There’s something profoundly nineteenth century about the tuna ranching industry. It’s that sense that nature will never give out, even as the whaling fleets stretch populations to breaking point and hungry sailors stock up on Great auks until the very last one is clubbed to death off Iceland.     

We’re told it’s great for the economy. Last year, the tuna-ranching industry left Malta with a hefty trade surplus with Japan, cars or no cars. Over €120 million worth of tuna was exported to Japan in 2017 alone, most of it to end up as sashimi.

And yet, the astonishing income involved is misleading. Last year I had a conversation with the aptly-named Alicia Said, a fisheries expert who at the time worked for a world-leading institute at the University of Kent. She told me that I shouldn’t be too cross at the fishermen who daily wrought havoc with their trammel nets (pariti) along the coast, simply because most of them have no choice. It was a topic she had researched and written about.

I took the hint and read her work. Even shrunk to fit a nutshell, the story’s unsettling indeed. Backed by powerful and possibly corrupt interests (Said cites a source that says that tuna operators routinely bribe Maltese politicians), the tuna-ranching industry has bled artisanal fishers of tuna-catching quotas and elbowed them to the overfished, unsustainable and economically-vulnerable margins of their trade.
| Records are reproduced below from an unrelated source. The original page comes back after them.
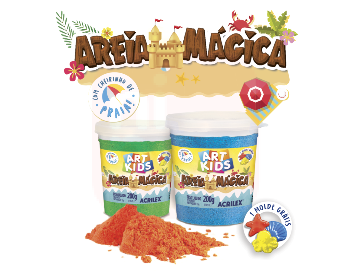 Areia Mágica Natural - areia - 200g - A Areia Mágica 550g e 200g proporciona as crianças, uma incrível experiência sensorial, desenvolve a coordenação motora, habilidades manuais e a criatividade. Vem com uma forminha com tema praia para modelar. Características Gerais do Produto: • EAN: 7891153099750 • Marca: Acrilex • Idade recomendada: 3 anos e acima • Dimensões: 8 x 7,5 cm Acompanha o produto: • 1 unidade de Areia Mágica com 1 molde. Garantia: • Sem Garantia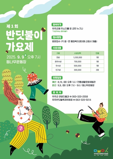 [뉴스스텝] 무주 반딧불이 가요제가 무주군민 화합 축제로 제29회 무주반딧불축제에서 부활한다. 9월 9일 제29회 무주반딧불축제장(등나무운동장 주무대)에서 개최될 예정으로 무주반딧불축제위원회는 오는 8월 8일까지 참가 신청을 받는다.
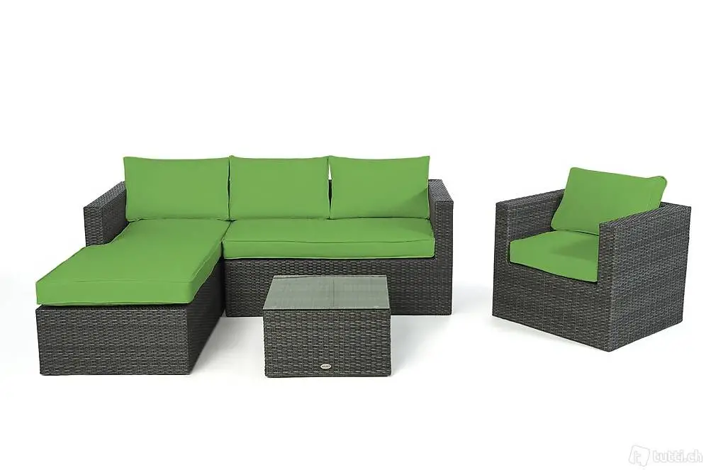 Rattan Garten Loungegruppe Galicia lädt ein, Sommertage im Garten zu geniessen. Das Gartenmöbelset wurde aus wetterbeständigem Rattan Geflecht hergestellt und der Aluminiumrahmen ist pulverbeschichtet.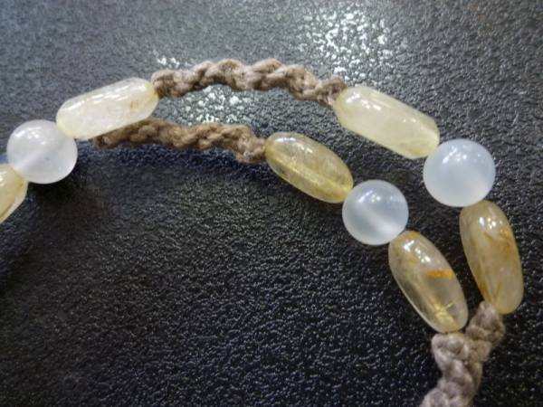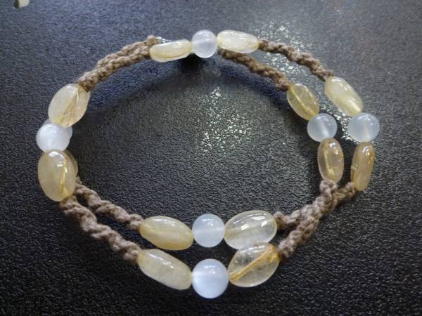 ゴールドルチルクォーツ ムーンストーン 手編み2連ブレスレット

I quote from Said’s work: “These processes are generating a deep socio-ecological crisis which would appear to be beneath the radar of the Maltese government. As a result, the prospects in fishing have become bleak at multiple levels, and artisanal fishers are gradually abandoning the commercial fishing sector for they sense that the tide has turned against them.”

An old and not-so-shocking story, some might say – when the motor car was invented, carriage-makers found themselves in trouble, and so on. Except there are currently four tuna-ranch operators in Malta, and they get to carve up a chunky €120 million. There are hundreds of artisanal fishers, and they are left with the dwindling numbers of pathetic cuttlefish in their trammel nets.

So no, the tuna-ranching industry does not do Malta proud. On the contrary, it is an indictment of a kind of politics that privileges the rapacious few and impoverishes the many, and contributes to the decimation of marine life in the process.

It is depressing to see the Prime Minister parade Charles Azzopardi like some kind of prize athlete. He represents an industry that has economically, socially and culturally dispossessed hundreds of people in Malta alone, and ravaged marine ecosystems the world over.

Let there be slime, because without it no one would notice.